I have a dataset D:
X = D.drop(columns=['target'])
y = D['target']
D is large, but contains huge number of duplicates - and I want to speedup the learning process. I can't simply drop these duplicates, because this will lead to bias in the distribution. But I can do the following thing:
- Compute duplicate counts and save it separately as SW.
- Drop duplicates from the dataset and save it as D1.
Let
X1 = D1.drop(columns=['target'])
y1 = D1['target']
Now, I can estimate some metric on pre-trained model like this:
score(y1, model.predict(X1), sample_weight=SW)
this will be exactly equal to (tested for roc_auc_score):
score(y, model.predict(X))
Similary I can pass SW as sample_weight parameter to model.fit(...) function. model.fit(X, y) will not be equal to model.fit(X1, y1, sample_weight=SW) - but let it be.

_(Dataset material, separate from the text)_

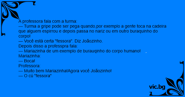 — Você está certa "fessora". Diz Joãozinho.
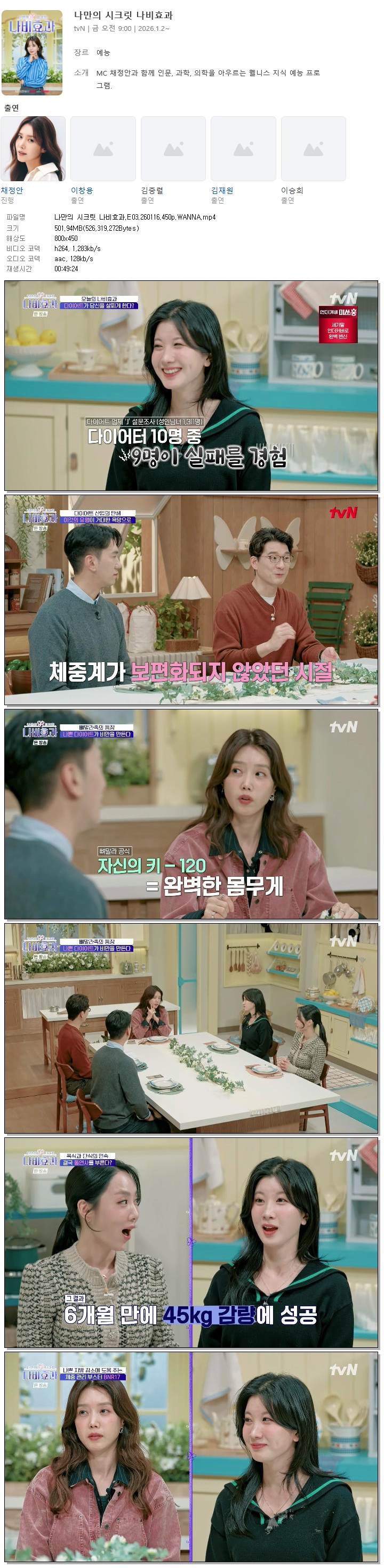 | [TVN] 나만의 시크릿 나비효과.E03.260116.450p.WANNA[채정안, 이창용].mp4 | 501.9 M | 00:49:24 | 800x450 |

The problem is - how do I can properly perform train_test_split of X1, y1, and SW? For example:
X y
feature 1
feature 1
feature 1
feature 1
feature 1
after duplicate removal it will be:
X1 y1 SW
feature 1 5
after train_test_split(test_size=0.2) I expect:
X1_train y1_train SW_train
feature 1 4
X1_test y1_test SW_test
feature 1 1
If this is not possible in Sklearn, is there any ML library, that provides this functionality?